What you are asked to do » Where an image appears, leave it out; otherwise repeat the data exactly.

========================================================================

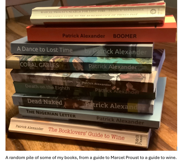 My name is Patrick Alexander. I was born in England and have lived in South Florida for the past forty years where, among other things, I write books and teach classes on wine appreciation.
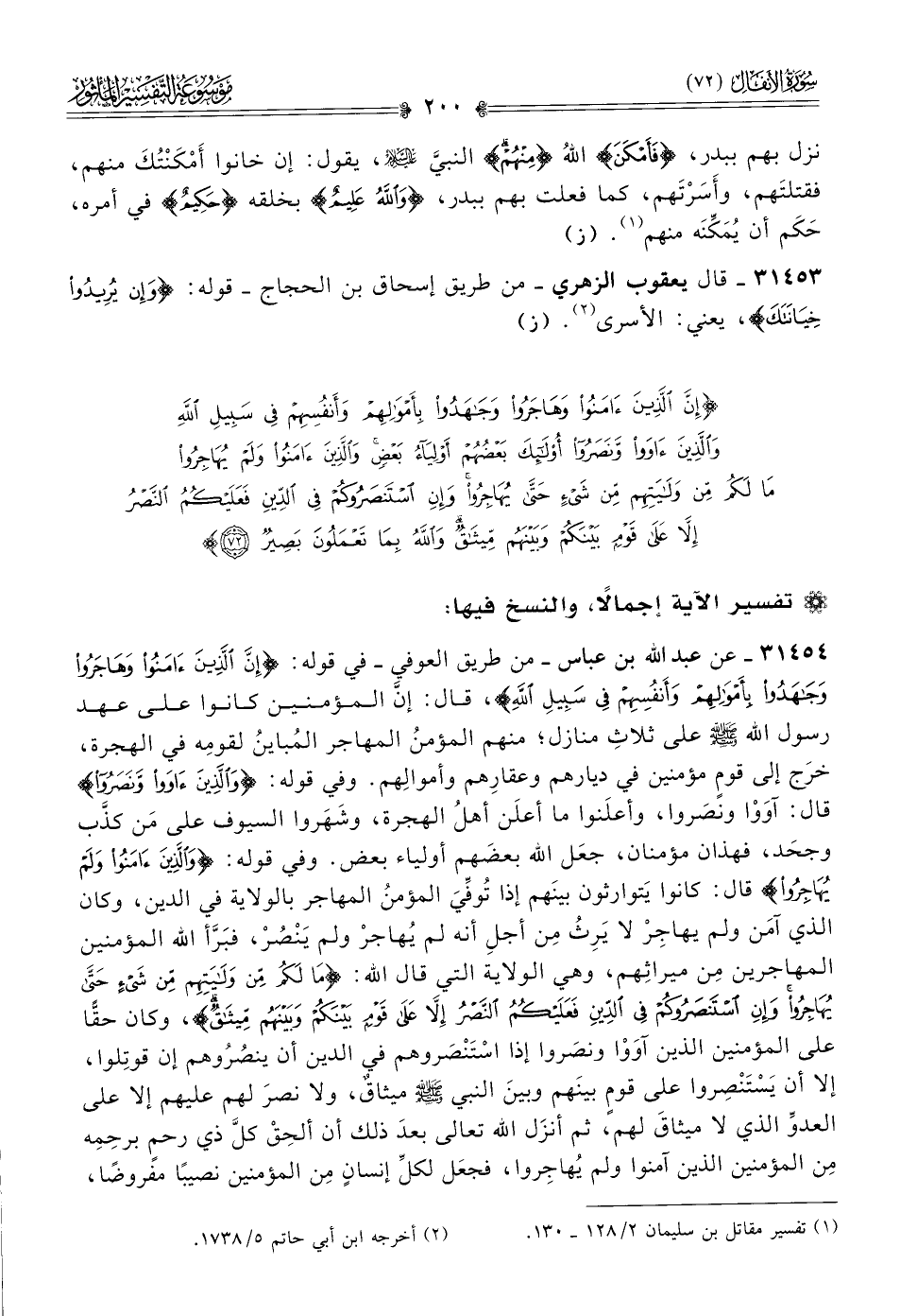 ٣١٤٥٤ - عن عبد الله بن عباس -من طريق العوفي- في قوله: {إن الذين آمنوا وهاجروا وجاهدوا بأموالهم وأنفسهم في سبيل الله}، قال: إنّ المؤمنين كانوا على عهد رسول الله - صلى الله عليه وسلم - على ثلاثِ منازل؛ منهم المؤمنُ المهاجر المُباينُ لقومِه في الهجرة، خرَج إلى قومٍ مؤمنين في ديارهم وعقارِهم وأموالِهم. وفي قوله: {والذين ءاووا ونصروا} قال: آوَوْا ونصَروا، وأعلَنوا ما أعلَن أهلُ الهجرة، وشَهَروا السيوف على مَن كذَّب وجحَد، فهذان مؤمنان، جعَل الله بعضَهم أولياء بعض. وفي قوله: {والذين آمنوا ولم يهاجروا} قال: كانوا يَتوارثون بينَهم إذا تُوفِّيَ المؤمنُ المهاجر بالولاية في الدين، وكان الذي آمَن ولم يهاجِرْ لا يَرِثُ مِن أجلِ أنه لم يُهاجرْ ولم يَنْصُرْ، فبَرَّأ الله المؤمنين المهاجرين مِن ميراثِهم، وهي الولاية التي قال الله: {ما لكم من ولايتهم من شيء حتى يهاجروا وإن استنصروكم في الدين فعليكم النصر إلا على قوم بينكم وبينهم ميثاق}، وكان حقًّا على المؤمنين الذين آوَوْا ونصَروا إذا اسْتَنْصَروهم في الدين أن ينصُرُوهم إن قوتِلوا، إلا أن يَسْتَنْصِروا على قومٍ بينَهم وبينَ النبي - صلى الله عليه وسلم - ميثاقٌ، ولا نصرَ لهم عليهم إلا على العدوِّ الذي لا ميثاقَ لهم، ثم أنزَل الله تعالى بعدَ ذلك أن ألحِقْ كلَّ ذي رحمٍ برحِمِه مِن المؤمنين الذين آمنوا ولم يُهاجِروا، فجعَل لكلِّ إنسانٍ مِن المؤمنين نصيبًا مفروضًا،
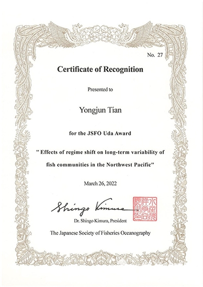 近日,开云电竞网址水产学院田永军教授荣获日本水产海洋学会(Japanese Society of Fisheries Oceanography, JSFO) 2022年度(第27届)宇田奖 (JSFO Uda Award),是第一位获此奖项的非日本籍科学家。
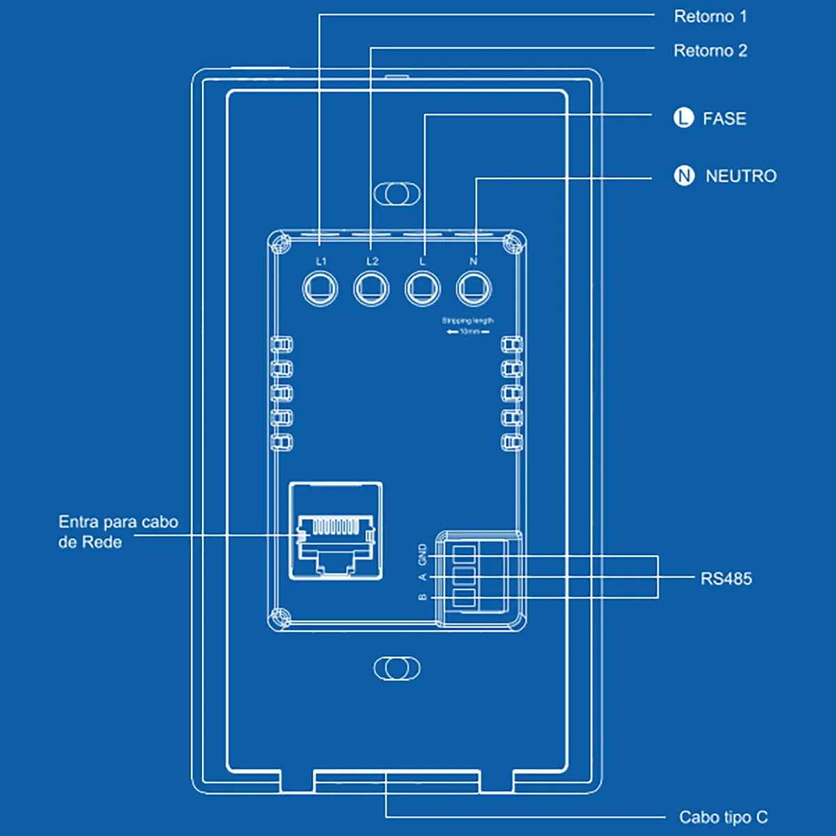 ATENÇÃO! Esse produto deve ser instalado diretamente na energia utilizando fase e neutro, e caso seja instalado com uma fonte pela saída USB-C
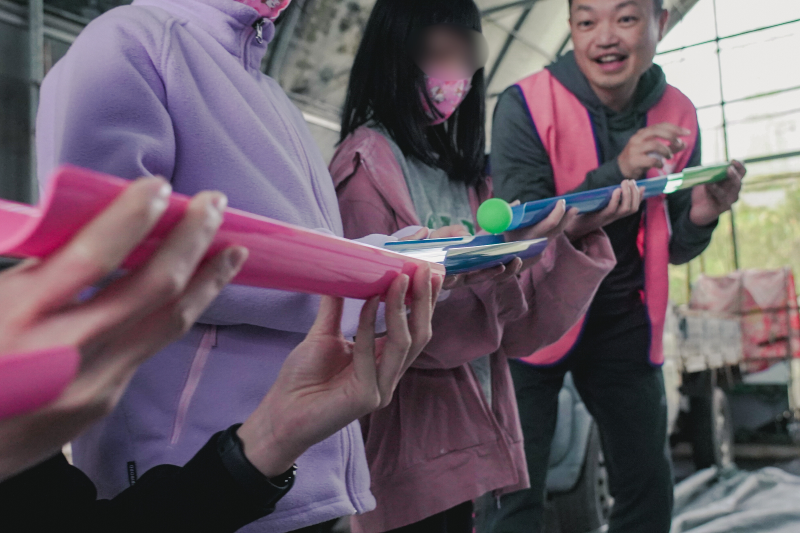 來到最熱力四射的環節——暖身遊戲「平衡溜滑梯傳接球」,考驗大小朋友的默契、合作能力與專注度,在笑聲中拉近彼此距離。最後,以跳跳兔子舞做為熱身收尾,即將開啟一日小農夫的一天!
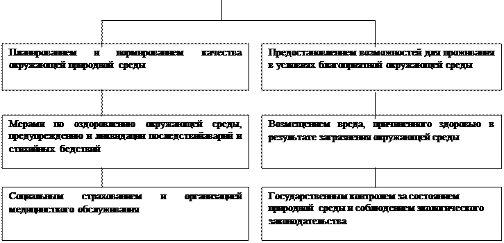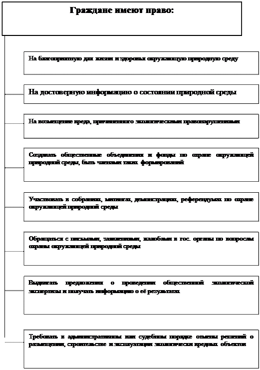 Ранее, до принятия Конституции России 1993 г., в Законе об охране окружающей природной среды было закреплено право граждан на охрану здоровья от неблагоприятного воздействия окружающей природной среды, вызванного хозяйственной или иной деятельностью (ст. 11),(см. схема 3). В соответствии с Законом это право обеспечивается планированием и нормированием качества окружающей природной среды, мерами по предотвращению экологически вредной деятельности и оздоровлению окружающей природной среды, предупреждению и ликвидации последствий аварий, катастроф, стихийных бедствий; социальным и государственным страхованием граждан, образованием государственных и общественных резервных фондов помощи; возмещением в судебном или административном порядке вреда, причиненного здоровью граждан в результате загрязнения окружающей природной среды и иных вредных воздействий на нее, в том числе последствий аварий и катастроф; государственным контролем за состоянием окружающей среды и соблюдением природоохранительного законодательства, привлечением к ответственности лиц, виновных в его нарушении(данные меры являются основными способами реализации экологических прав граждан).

========================================================================

Written solution »
 My name is Patrick Alexander. I was born in England and have lived in South Florida for the past forty years where, among other things, I write books and teach classes on wine appreciation.
 ٣١٤٥٤ - عن عبد الله بن عباس -من طريق العوفي- في قوله: {إن الذين آمنوا وهاجروا وجاهدوا بأموالهم وأنفسهم في سبيل الله}، قال: إنّ المؤمنين كانوا على عهد رسول الله - صلى الله عليه وسلم - على ثلاثِ منازل؛ منهم المؤمنُ المهاجر المُباينُ لقومِه في الهجرة، خرَج إلى قومٍ مؤمنين في ديارهم وعقارِهم وأموالِهم. وفي قوله: {والذين ءاووا ونصروا} قال: آوَوْا ونصَروا، وأعلَنوا ما أعلَن أهلُ الهجرة، وشَهَروا السيوف على مَن كذَّب وجحَد، فهذان مؤمنان، جعَل الله بعضَهم أولياء بعض. وفي قوله: {والذين آمنوا ولم يهاجروا} قال: كانوا يَتوارثون بينَهم إذا تُوفِّيَ المؤمنُ المهاجر بالولاية في الدين، وكان الذي آمَن ولم يهاجِرْ لا يَرِثُ مِن أجلِ أنه لم يُهاجرْ ولم يَنْصُرْ، فبَرَّأ الله المؤمنين المهاجرين مِن ميراثِهم، وهي الولاية التي قال الله: {ما لكم من ولايتهم من شيء حتى يهاجروا وإن استنصروكم في الدين فعليكم النصر إلا على قوم بينكم وبينهم ميثاق}، وكان حقًّا على المؤمنين الذين آوَوْا ونصَروا إذا اسْتَنْصَروهم في الدين أن ينصُرُوهم إن قوتِلوا، إلا أن يَسْتَنْصِروا على قومٍ بينَهم وبينَ النبي - صلى الله عليه وسلم - ميثاقٌ، ولا نصرَ لهم عليهم إلا على العدوِّ الذي لا ميثاقَ لهم، ثم أنزَل الله تعالى بعدَ ذلك أن ألحِقْ كلَّ ذي رحمٍ برحِمِه مِن المؤمنين الذين آمنوا ولم يُهاجِروا، فجعَل لكلِّ إنسانٍ مِن المؤمنين نصيبًا مفروضًا،
 近日,开云电竞网址水产学院田永军教授荣获日本水产海洋学会(Japanese Society of Fisheries Oceanography, JSFO) 2022年度(第27届)宇田奖 (JSFO Uda Award),是第一位获此奖项的非日本籍科学家。
 ATENÇÃO! Esse produto deve ser instalado diretamente na energia utilizando fase e neutro, e caso seja instalado com uma fonte pela saída USB-C
 來到最熱力四射的環節——暖身遊戲「平衡溜滑梯傳接球」,考驗大小朋友的默契、合作能力與專注度,在笑聲中拉近彼此距離。最後,以跳跳兔子舞做為熱身收尾,即將開啟一日小農夫的一天!
 Ранее, до принятия Конституции России 1993 г., в Законе об охране окружающей природной среды было закреплено право граждан на охрану здоровья от неблагоприятного воздействия окружающей природной среды, вызванного хозяйственной или иной деятельностью (ст. 11),(см. схема 3). В соответствии с Законом это право обеспечивается планированием и нормированием качества окружающей природной среды, мерами по предотвращению экологически вредной деятельности и оздоровлению окружающей природной среды, предупреждению и ликвидации последствий аварий, катастроф, стихийных бедствий; социальным и государственным страхованием граждан, образованием государственных и общественных резервных фондов помощи; возмещением в судебном или административном порядке вреда, причиненного здоровью граждан в результате загрязнения окружающей природной среды и иных вредных воздействий на нее, в том числе последствий аварий и катастроф; государственным контролем за состоянием окружающей среды и соблюдением природоохранительного законодательства, привлечением к ответственности лиц, виновных в его нарушении(данные меры являются основными способами реализации экологических прав граждан).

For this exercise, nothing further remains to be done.